Hoje, passado tanto tempo — Gabriel Garcia Marquez é Prêmio Nobel de Literatura, o realismo mágico explodiu e foi exaustivamente praticado, estudado, sugado e cuspido —, hoje é difícil entender o impacto tremendo de Cem Anos de Solidão sobre alguém. Mas quando, desavisada, eu aportei em Macondo, nunca mais quis sair de lá. Macondo era a cara do mundo que eu conhecia e não sabia dizer, do que eu vivenciava porém não nomeava nem compreendia. Tudo ali me era familiar, mas, ao mesmo tempo, tudo me foi revelado pelo livro. Minha sensação — eu, maravilhada —, era a de alguém me pegando pela mão e me dizendo: isso aqui se nomeia assim, daqui em diante isto vai se chamar assim... Como se eu reconhecesse, pela primeira vez, o que é o Brasil e o restante da América Latina (que eu não conhecia ainda, mas intuía).
Aquela confusão eterna de Macondo, a sujeira, a beleza, a desordem, as sete gerações de Buendías de nomes repetidos e infinitos casamentos endogâmicos, as trinta e duas revoluções — revoluções que ninguém entendia, porém se repetiam e se repetiam e se repetiam, tumultuando para sempre o mundo —, aquela personagem Remédios, a mulher mais linda do mundo que ascendeu aos céus para nunca mais retornar, aquele Álvaro, o que tudo vendeu para entrar numa viagem de trem que nunca termina ( ainda está acontecendo), aquele Aureliano Buendía de muitíssimas mulheres e dezessete filhos porém incapaz de amar, aquela história do futuro dos Buendía encontrada num antigo pergaminho ... Aquilo era eu: pela primeira vez, totalmente identificada com o universo de um livro. Aquilo não era eu: era literatura, era a realidade transformada, transfigurada para outra dimensão.
* Imagens: à esquerda, capa da quinta edição, a mesma da primeira, em que li o livro; à direita, capa da edição comemorativa dos 40 anos de publicação de Cem Anos de Soldião, 2007.

sábado, 14 de fevereiro de 2009

Sobre personagens e escritores


Alguns leitores do meu conto Desejos (como todos os dias), postado abaixo, sugeriram outros possíveis finais: quem sabe a Dolores não realizava suas fantasias? Ela poderia ter encontrado o marido em situação mais comprometedora... quem sabe o marido com o padre? Ela devia ter voltado à padaria (dois votos), e por aí foi.

Vou compartilhar com vocês algumas ideias e sentimentos que tive ao escrever o final desse conto. Aproveito, assim, para tocar num assunto que me interessa muito: as relações - confusas, tempestuosas, tipo ataque de nervos - entre personagens e autores. Vou explorar um pouco esse pântano, esse céu sempre incerto de ódios, paixões, incestos e amores.

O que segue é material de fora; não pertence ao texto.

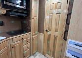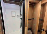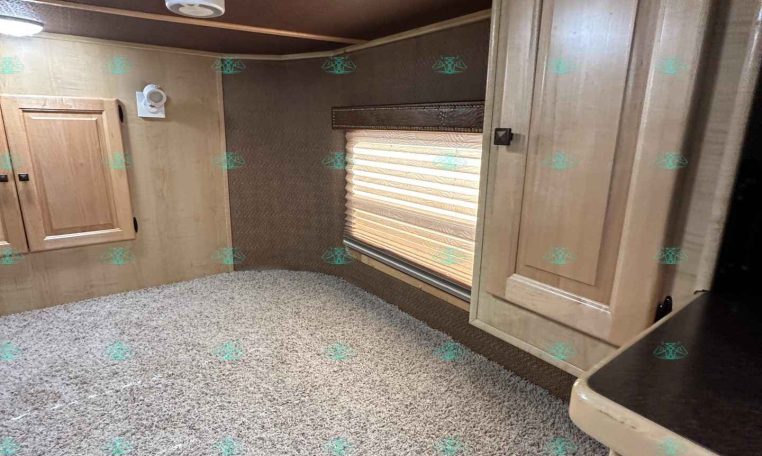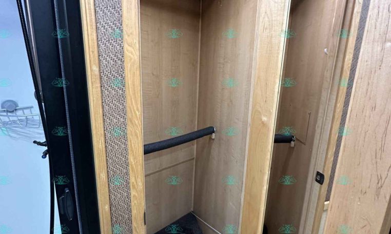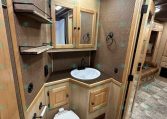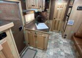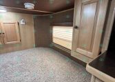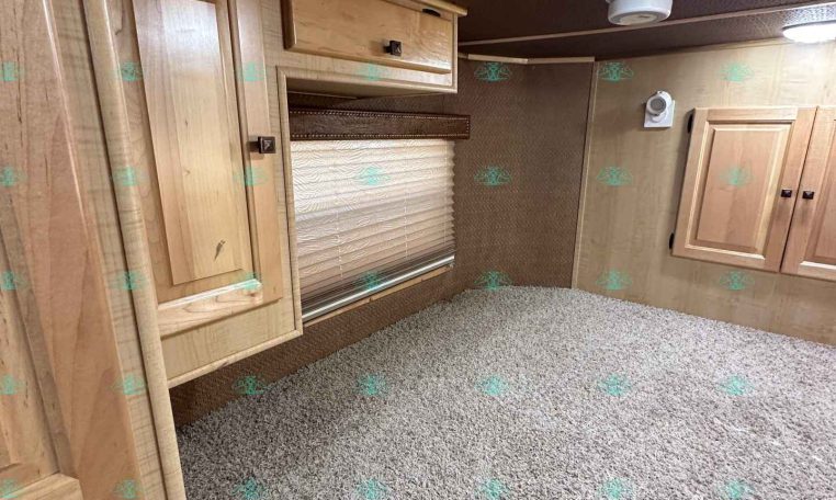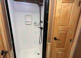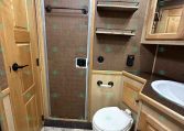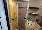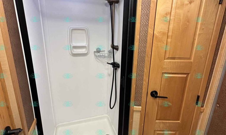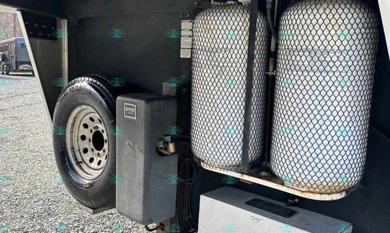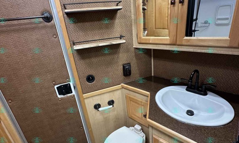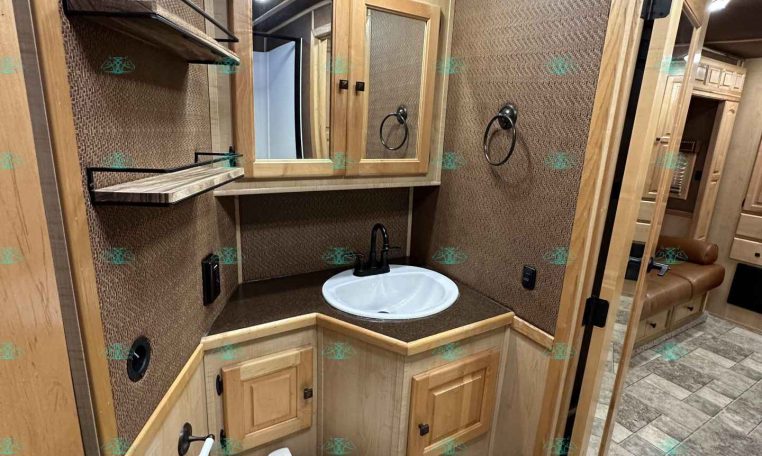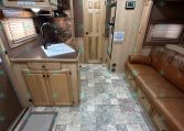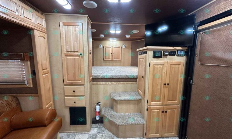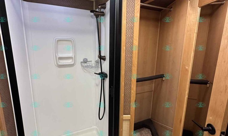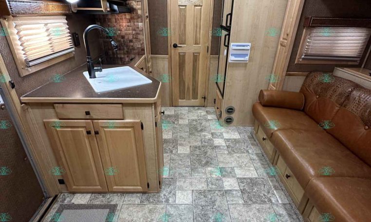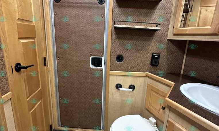 Inside the living quarters, you’ll find real wood cabinetry, a slide-out with a sofa that makes a bed, a big refrigerator, double sinks, a two-burner glass cooktop, microwave, TV, and tons of storage. The solid bathroom door leads to a walk-in closet with a mirror, a square shower, sink, vanity, and toilet. Additional comfort features include ducted AC, propane furnace, and water heater.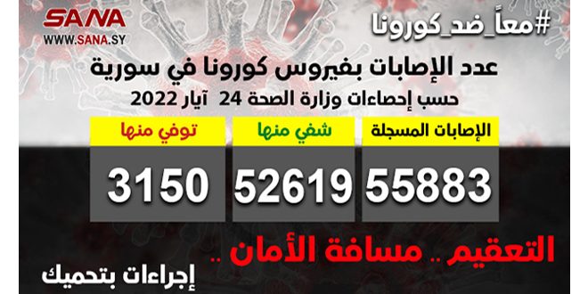 وأوضحت الوزارة في بيان تلقت سانا نسخة منه أن عدد الإصابات المسجلة في سورية بلغ حتى الآن 55883 شفي منها 52619 حالة وتوفي 3150 حالة.

Demorei para escrever o final de Desejos, e quando o fiz, escrevi esse que saiu publicado. No entanto, ele não me agradou. "Mas que coisa, então vou largar a Dolores assim, na confusão, sem nada, depois de fantasiar tanto?", eu pensava, frustrada. Não há nada em comum entre mim e a personagem Dolores, somos praticamente opostas. Nem sei como ou por que ela surgiu como meu personagem. Assim, eu, Janaína, não aceito para mim relações amorosas de dominação/submissão, como a da Dolores, e eu, Janaína, não tenho nada a ver com a vida interiorana da Dolores. Contudo, para escrever sobre a Dolores, principalmente para escrever da perspectiva dela, como no conto, eu tive de me aproximar da Dolores, conhecê-la, me por à disposição dela. Como um ator, acho, faz ao interpretar um personagem.

Nesse momento de interação personagem-escritor, caem os valores e julgamentos (não importa o que eu acho da Dolores, nem se concordo com ela, importa que eu transmita o que ela é). Nesse momento da criação, prevalece o amálgama, o abraço entre autor e personagem: o autor abre caminho para o personagem, torna-se seu "cavalo" (para usar a expressão do candomblé), o meio para sua criação expressar-se. Quanto maior, mais íntima essa interação, melhor o personagem, mais verdadeiro, humano e sedutor.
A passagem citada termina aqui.